In this, the second instalment of a four-post mini-series on the issue of school sixth forms that don’t enter any students for AS- or A-level physics, I would like to share just two graphs with you: one on school size and one on schools with small physics classes.
I split up the 2,591 English school sixth forms into five almost-equally sized groups (quintiles) based on the number of students entered for AS- or A-levels. Of the 235 school sixth forms that had no entries to physics, 188 were in the smallest size quintile (quintile one). Outside of the smallest two quintiles, only nine school sixth forms out of 1543 had no entries to physics.
Shown in the graph below is the fact that 454 school sixth forms have between one and five students entered for AS-level physics.

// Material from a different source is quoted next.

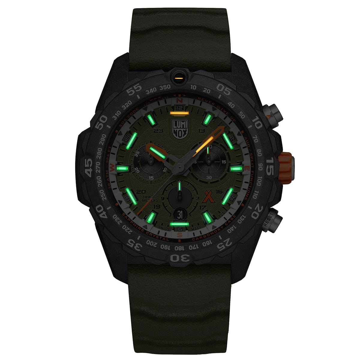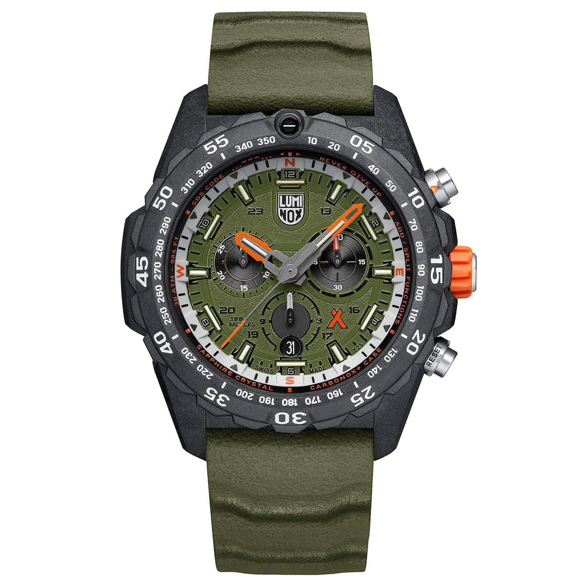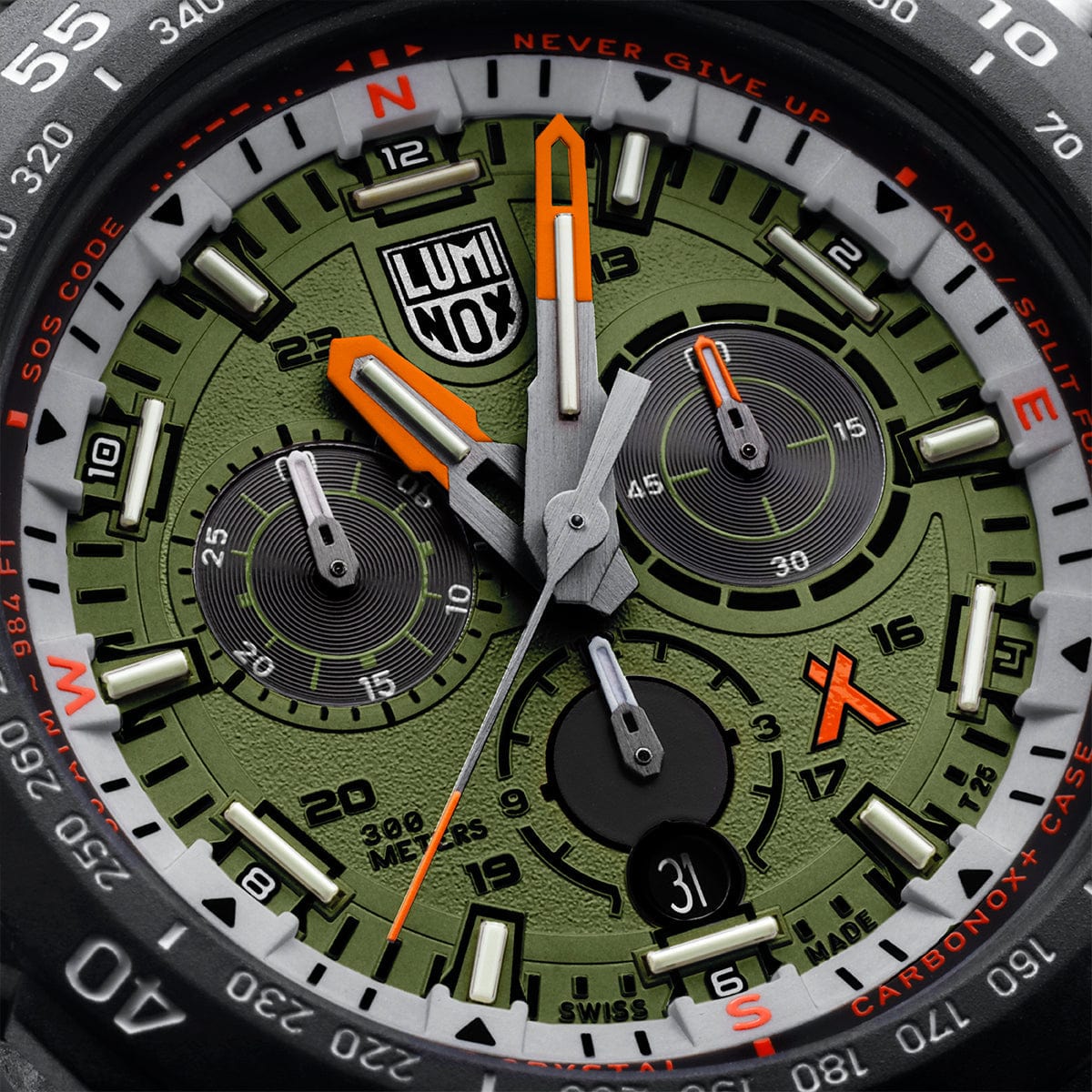 Die Bear Grylls Survival Master 3740 Chronograph Limited Edition wurde gemacht, um dir zu helfen, in den härtesten Gegenden zu überleben. Das 45 mm super-robuste CARBONOX+ Gehäuse und die einseitig drehbare Lünette machen diesen Zeitmesser extrem leicht. Die beeindruckenden Luminox Light Technology Röhrchen ermöglichen es dem Träger, die Zeit unter allen Lichtbedingungen bis zu 25 Jahre lang problemlos abzulesen. Die Uhr trägt das Bear-Grylls-Logo auf dem Zifferblatt und die charakteristische orangefarbene verschraubte Krone. Bear's Motto "Never Give Up" ist in Orange auf dem Gehäuseboden neben seiner Unterschrift eingraviert. Es erinnert den Träger an diese wichtige Einstellung, die Bear Grylls geholfen hat, viele kritische Situationen zu überstehen, und inspiriert ihn dazu.

This strongly suggests that this will need revisiting in the coming years, just so we can see whether these school sixth forms still have any entries at all. There are also 780 school sixth forms with between one and five entries to A-level physics.
These two graphs show us that small school sixth forms are those at risk of having no students entered for AS- or A-level physics, and there are a great number of school sixth forms out there with small physics classes. I would assume that the schools with small physics classes today are those at risk of becoming the schools with no entries of tomorrow. Future work I would like to do in this area would be to identify the rates at which this occurs, and the school conditions that are precursors to the change.
In the meantime, we should consider what can be done to ensure that more school sixth forms don’t go the way of the 235 with no physics entries.